If Agent A says "I sent a message 10 minutes ago and B never got it", there is no way to trace where it got stuck without correlating logs across 5+ systems manually.

Fix:

  • Introduce a correlationId (or traceId) that is:
    • Generated at the originating agent (or transform)
    • Passed as a header (X-Claw-Correlation-Id) through every hop
    • Included in every log entry across connector, proxy, DO, and inbox
    • Returned in delivery receipts and status queries
  • This enables: "trace message abc-123 → left connector at T1 → reached proxy at T2 → queued in DO at T3 → delivered via WS at T4 → replayed to OpenClaw at T5"

🔴 P0: No circuit breakers anywhere in the chain

Files: Multiple

A slow or failing component cascades through the entire chain:

  1. OpenClaw hook slow (agent doing 30s+ turn) → inbox replay blocks → inbox fills up
  2. Inbox full → connector sends accepted: false ack to DO → DO queues (500 msg cap)
  3. DO queue fills → relay session returns 507 to sender proxy → sender proxy returns 502
  4. Sender connector retries → multiplies load on the already-stressed path

No component sheds load gracefully. Each layer just passes the failure upstream.

Fix:

  • Add circuit breakers at each boundary:
    • Connector → OpenClaw hook: if N consecutive failures, pause replay for M seconds (already partially handled by backoff, but no circuit state)
    • Connector → Peer proxy (outbound): if peer consistently fails, open circuit and queue locally
    • Proxy → Registry: covered in Auth Pipeline Resilience + Registry Single Point of Failure #147 but mention here for completeness
    • DO → WebSocket delivery: if connector repeatedly NAKs, back off delivery attempts (partially exists)
  • Each circuit breaker should expose state in relevant status endpoints

🟠 P1: No message priority system

Files: apps/proxy/src/agent-relay-session.ts, packages/connector/src/inbound-inbox.ts

All messages are treated equally. A flood of low-priority messages (e.g., batch status updates) can starve critical messages (e.g., auth challenges, human-initiated conversations). Both the DO queue and the inbound inbox process FIFO with no priority lanes.

Fix:

  • Add optional priority field to DeliverFrame (e.g., critical | normal | low)
  • High-priority messages: processed first in queue drains, bypass backoff delays
  • Low-priority messages: shed first when queues approach capacity
  • Default: normal (backward compatible)

🟠 P1: DO queue limits too tight for extended outages

File: apps/proxy/src/agent-relay-session.ts

  • Queue cap: 500 messages per agent (configurable via RELAY_QUEUE_MAX_MESSAGES_PER_AGENT)
  • Queue TTL: 1 hour (configurable via RELAY_QUEUE_TTL_SECONDS)
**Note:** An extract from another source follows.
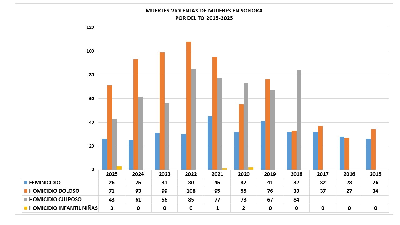 Según el reporte mensual más reciente del SESNSP 140 mujeres fueron asesinadas en Sonora durante 2025, muertes violentas a las que se agregan las de tres niñas cuyos casos fueron clasificados como homicidio infantil.

If a connector is offline for 2+ hours (e.g., laptop sleeping, server maintenance), all queued messages expire. The sender gets a 507 (queue full) or messages silently expire with no notification.

Fix:

  • Increase default TTL to at least 4-6 hours for production use
  • Add a "message expired" notification mechanism — when a queued message expires, create a delivery failure receipt that the sender can query
  • Add configurable per-peer queue limits (high-trust peers get larger queues)
  • Consider overflow to durable storage (D1) for messages exceeding DO storage limits

🟠 P1: No catch-up protocol after reconnection

Files: packages/connector/src/client.ts, apps/proxy/src/agent-relay-session.ts

When a connector reconnects after being offline, there is no handshake to reconcile state:

  • Connector does not tell the DO "I was offline since timestamp T, what did I miss?"
  • DO does not tell the connector "you have N queued messages, here is the first batch"
  • Messages that expired during the outage are silently gone

Fix:

  • Add a reconnection handshake frame:
    type: "reconnect"
    lastReceivedId: "<ULID of last successfully processed message>"
    offlineSinceMs: <timestamp>
    
  • DO responds with queue state summary:
    type: "reconnect_ack"
    queuedCount: N
    expiredCount: M
    oldestQueuedAt: "<ISO timestamp>"
    
  • This gives both sides shared state awareness on reconnection

🟡 P2: No aggregate metrics or dashboards

Files: Multiple

Individual components have status endpoints (/v1/status, connector status, DO health), but there are no aggregate metrics:

  • Message success/failure rate (per peer, per hour)
  • End-to-end delivery latency (p50, p95, p99)
  • Queue depth trends over time
  • Connection uptime percentage
  • Auth failure rate by error code
  • Registry call latency and failure rate

Fix:

  • Emit structured metrics events at each hop (connector, proxy, DO)
  • Add a metrics aggregation endpoint or export to a time-series store
  • Key metrics to track:
    • messages.outbound.total / messages.outbound.failed (per peer)
    • messages.inbound.total / messages.inbound.replayed / messages.inbound.dead_lettered
    • delivery.latency.e2e_ms (correlation ID enables this)
    • websocket.uptime_pct / websocket.reconnect_count
    • registry.call_latency_ms / registry.failure_count
    • queue.depth / queue.expired_count

🟡 P2: No sender notification for permanently failed messages

Files: Multiple

When a message permanently fails (DO queue expired, max retries exhausted, dead-lettered in inbox), the sender is never notified. Agent A thinks the message might still be in transit when it has already been discarded.

Fix:

  • Implement delivery status notifications:
    • On permanent failure, POST a status update to the sender proxy
    • Sender proxy relays to sender connector → sender OpenClaw
    • Include: original correlation ID, failure reason, timestamp
    • Enable the sender agent to inform the user: "Your message to Agent B from 2 hours ago could not be delivered: recipient was offline and message expired"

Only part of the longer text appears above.